Only sign of huge US base is pile of rubbish and broken vehicles – and a festering land dispute in a volatile province
US forces left behind piles of equipment, an unpaid rent bill and a festering land dispute that threatens to undermine the Afghan government when they moved out of a volatile corner of eastern Kunar province this year, local officials and their former landlords say.
The only clue that a base that dominated Pashengar village for years had been abandoned for good was the midnight rumble of a convoy of trucks. In the morning, locals found guards gone, buildings blown up and, scattered around what had been a forbidding military encampment, piles of detritus from years of western living in a remote, mountainous valley.
Rows of air conditioning units stuck out of a damaged wall, a giant, dilapidated generator was marooned near shipping containers and twisted, dented vehicles remained. But there was no sign of a cheque for a landlord who said years of rent, running to hundreds of thousands of dollars, was owing to him.
“They stayed six years and only paid rent for one year,” said Haji Najibullah Khan, who grew up in the Pashengar house that became a US base. He said the departing US commander warned him off pushing for rent money when they met a few weeks before the soldiers drove away in the night.
A few kilometres down the road, in the centre of Naray district, the US departure was neater, with a joint base handed over to full Afghan army control. But, even here, there is anger because the base was built on a muddle of small plots shared out among 90 families from the area.
They are also claiming that years of back rent is owed by the Americans and are worried they may never see their land again now Afghan government troops are firmly entrenched. The simmering dispute threatens to undermine loyalty to troops ostensibly sent to protect the area.
Gul Rahman, the district governor, has attempted to mediate but with little success. “I met the Afghan National Army (ANA) with the elders. Now the army are staying, the people are very angry and asking for the payments they are owed, but no one is listening to them.”
Land is one of the most sensitive issues in Afghanistan. During 30 years of war, many legal documents have been destroyed, landowners and their families have been killed or become refugees, and people have settled on to land to which they have no legal claim.
Haji Usman, headmaster of the Naray boys’ high school and owner of about two hectares of land that is now part of the base, led a delegation to Kabul that lobbied successfully for an official investigation and recognition of the villagers’ claim to the land. The army is ignoring that finding at its own risk, he said.
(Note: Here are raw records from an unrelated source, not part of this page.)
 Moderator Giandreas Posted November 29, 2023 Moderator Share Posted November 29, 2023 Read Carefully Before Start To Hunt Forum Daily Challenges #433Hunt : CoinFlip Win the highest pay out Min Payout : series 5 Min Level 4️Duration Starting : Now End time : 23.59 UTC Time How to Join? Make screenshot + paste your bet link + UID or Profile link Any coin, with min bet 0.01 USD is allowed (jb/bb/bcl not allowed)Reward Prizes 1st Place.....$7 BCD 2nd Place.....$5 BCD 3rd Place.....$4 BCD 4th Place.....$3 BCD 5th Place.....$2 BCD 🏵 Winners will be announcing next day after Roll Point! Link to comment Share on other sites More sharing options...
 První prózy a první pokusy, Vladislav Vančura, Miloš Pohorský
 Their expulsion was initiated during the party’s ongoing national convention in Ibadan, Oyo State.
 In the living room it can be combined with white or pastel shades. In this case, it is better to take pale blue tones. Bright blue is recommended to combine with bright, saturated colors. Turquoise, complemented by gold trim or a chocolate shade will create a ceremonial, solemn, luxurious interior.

“The people are very angry that the ANA are not leaving,” Usman said. “I don’t think most people who have had their land taken would be willing to join the Taliban; this is a village under government control. But there are maybe a few, who live in more remote houses, who will join if this issue is not resolved.”
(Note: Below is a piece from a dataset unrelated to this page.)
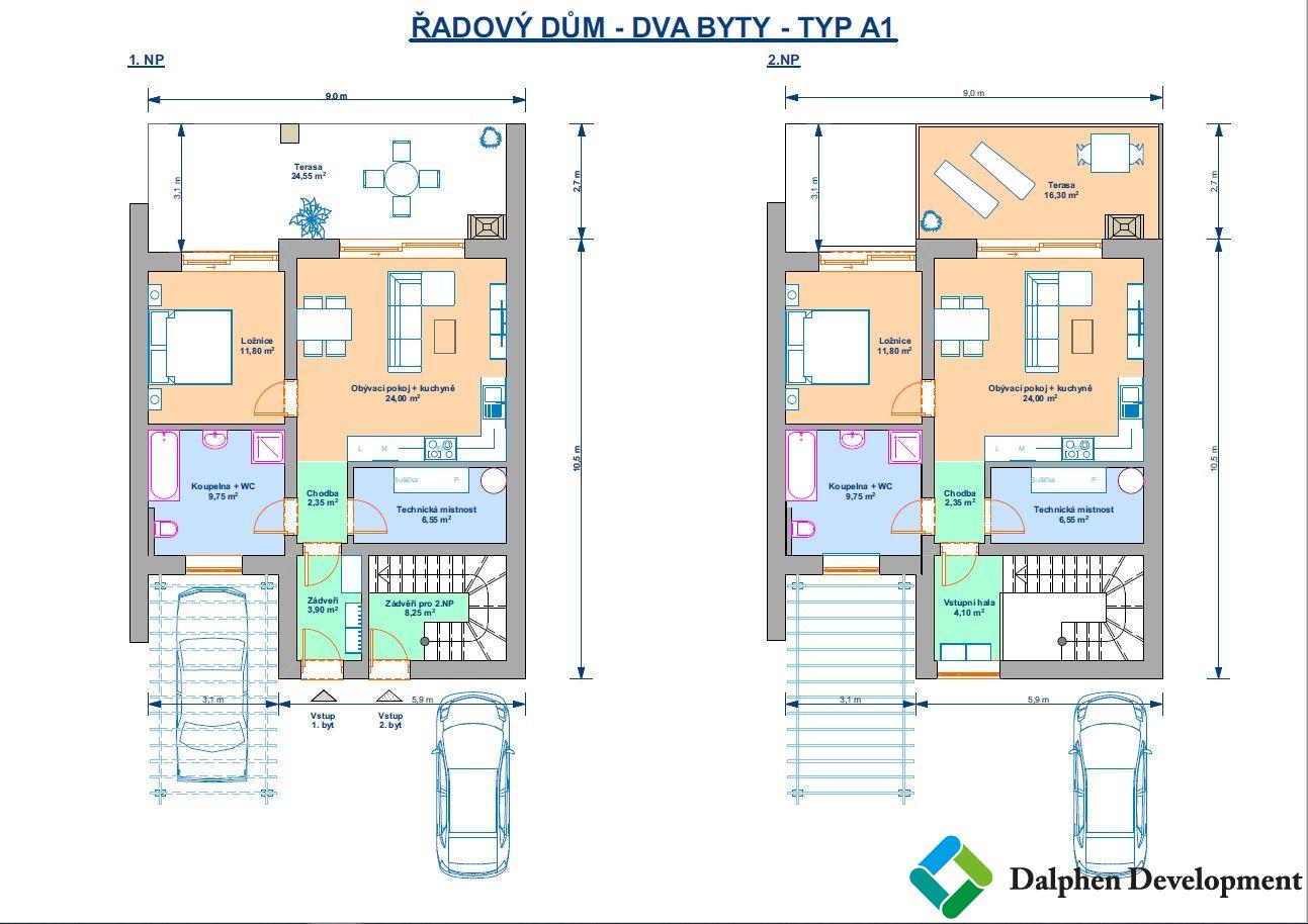 Nabízíme novostavbu bytové jednotky v řadovém domě na klíč, umístěné ve 2. NP, která je součástí developerského projektu ve městě Loučná nad Desnou, část obce Kociánov. Lokalita je charakteristická svou blízkostí k nejvyššímu vrcholu Jeseníků Pradědu a přibližně 10minutovou dojezdovou vzdáleností do lázeňského centra Velkých Losin. Typově se jedná o dvoupodlažní řadový dům s pultovou střechou, moderního vzhledu a praktického dispozičního řešení. V rámci projektu Rezidence Loučná je objekt koncipován jako součást zástavby čtyř řadových domů. Bytová jednotka nabízí komfortní bydlení pro pár či rodinu s jedním dítětem, přičemž je kladen důraz na maximální využití prostoru. Dispoziční uspořádání je 3+kk s podlahovou plochou 66 m. Ze zádveří je vstup do obytné části, pokoje a koupelny s WC, jejíž součástí je také technická místnost. Zdroj tepla je umístěn právě v této technické místnosti, kde se počítá i s prostorem pro pračku a případně sušičku. Součástí bytové jednotky je prostorný balkon o výměře 16,5 m, který poskytuje příjemný venkovní prostor pro relaxaci. K jednotce dále náleží parkovací stání. Dle zvolené varianty je alternativně možné řešení s vlastní zahradou a terasou u jednotek v 1. NP. V rámci III. etapy výstavby budou realizovány celkem čtyři řadové domy v jedné uliční řadě. V dosahu se nachází kompletní občanská vybavenost při zachování výhod klidné části obce. Budoucím majitelům se tak nabízí kombinace kvalitního bydlení a rekreačního zázemí v bezprostředním kontaktu s přírodou a zároveň s dobrou dopravní dostupností směrem na města Šumperk či Bruntál. Projekt nabízí také možnost výběru dalších dispozičních či technických konfigurací. Uvedená prodejní cena je včetně DPH. Detailní informace o projektu, standardech a možnostech úprav vám rádi poskytneme.

Rahman, the district governor, said security problems had kept him from visiting Pashengar, but he had been looking into Khan’s situation and believed a sale of the military detritus could help pay some of the rent.
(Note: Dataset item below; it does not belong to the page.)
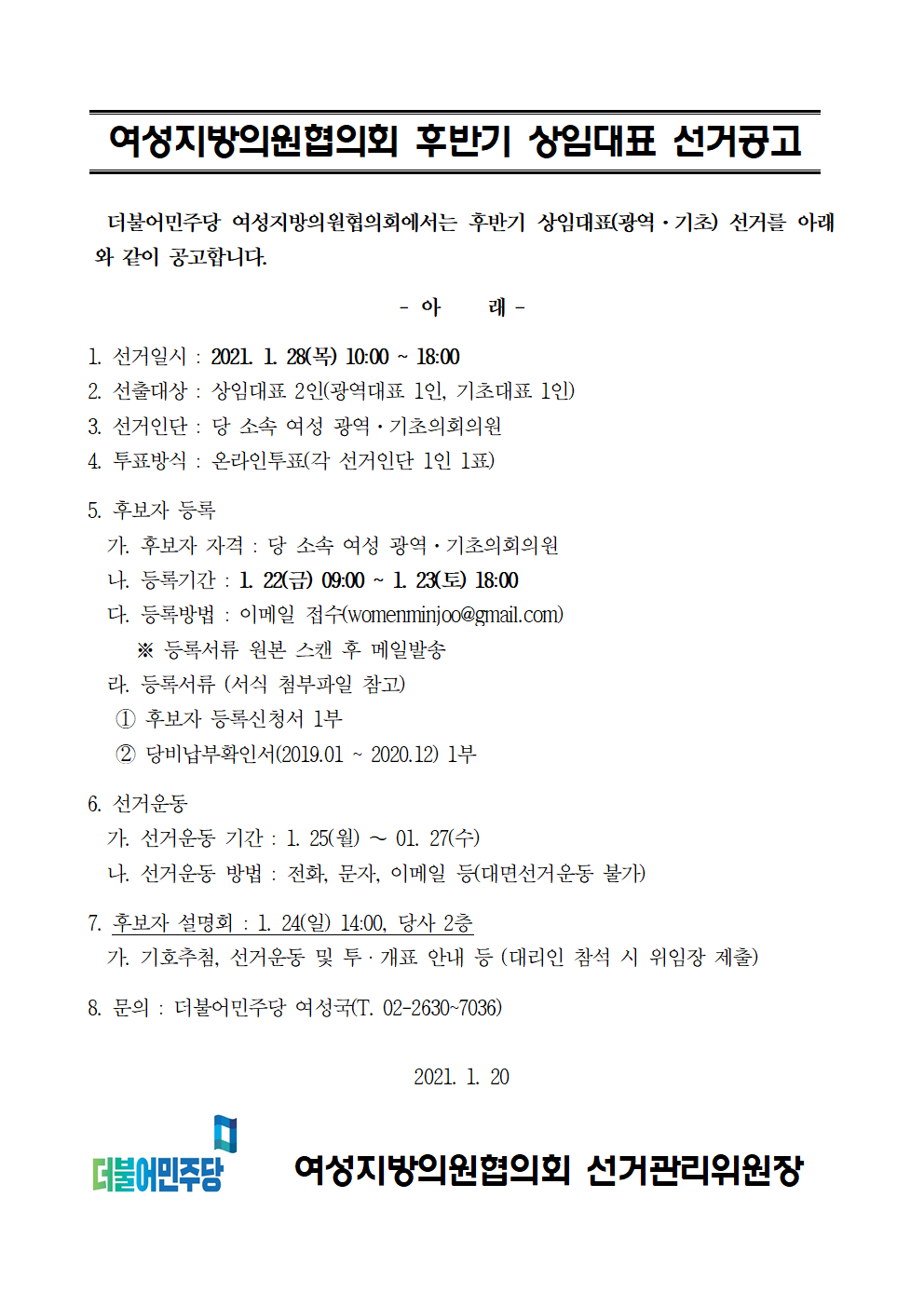 2021.4.7 재·보궐선거 전라북도당 공직선거후보자 공모 공고

“I didn’t visit the house but I asked some people about it, so I know that some containers, vehicles and generators were left behind. Some were destroyed but some were OK,” he told the Guardian by phone from his heavily guarded offices in Naray. “This equipment left by the Americans could make up perhaps half the rent of Haji Najibullah, or at least a quarter.”
But Khan said it was mostly worthless in an area of subsistence farmers. “I can’t sell any of the equipment because it is not stuff that people in the district use. I just leave it in my yard, because it’s quite worthless to me.”
Afghanistan’s landscape is littered with rusting Soviet tanks and other military junk, a constant reminder of the Soviets’ troubled decade in the country, but since 2001, foreign forces have gone to great lengths to leave no trace.
To abandon even non-military equipment is unusual and perhaps a sign of the challenges facing Naray, which lies at Kunar’s northern tip. Poor and isolated, it is a place where insurgents can slip easily across the border from Pakistan or down from lawless Nuristan province, where an insurgent vice-and-virtue police holds sway in some villages.
A spokesman for the Afghan army would not comment on the situation in Naray, and the Kunar provincial governor, Fazlullah Wahedi, said he had not heard about the land disputes there.
The Nato-led International Security Assistance Force declined to comment on the situation at either base. “As a matter of policy, Isaf does not publicly discuss information pertaining to potential or pending claims,” said spokesman Charlie Stadtlander.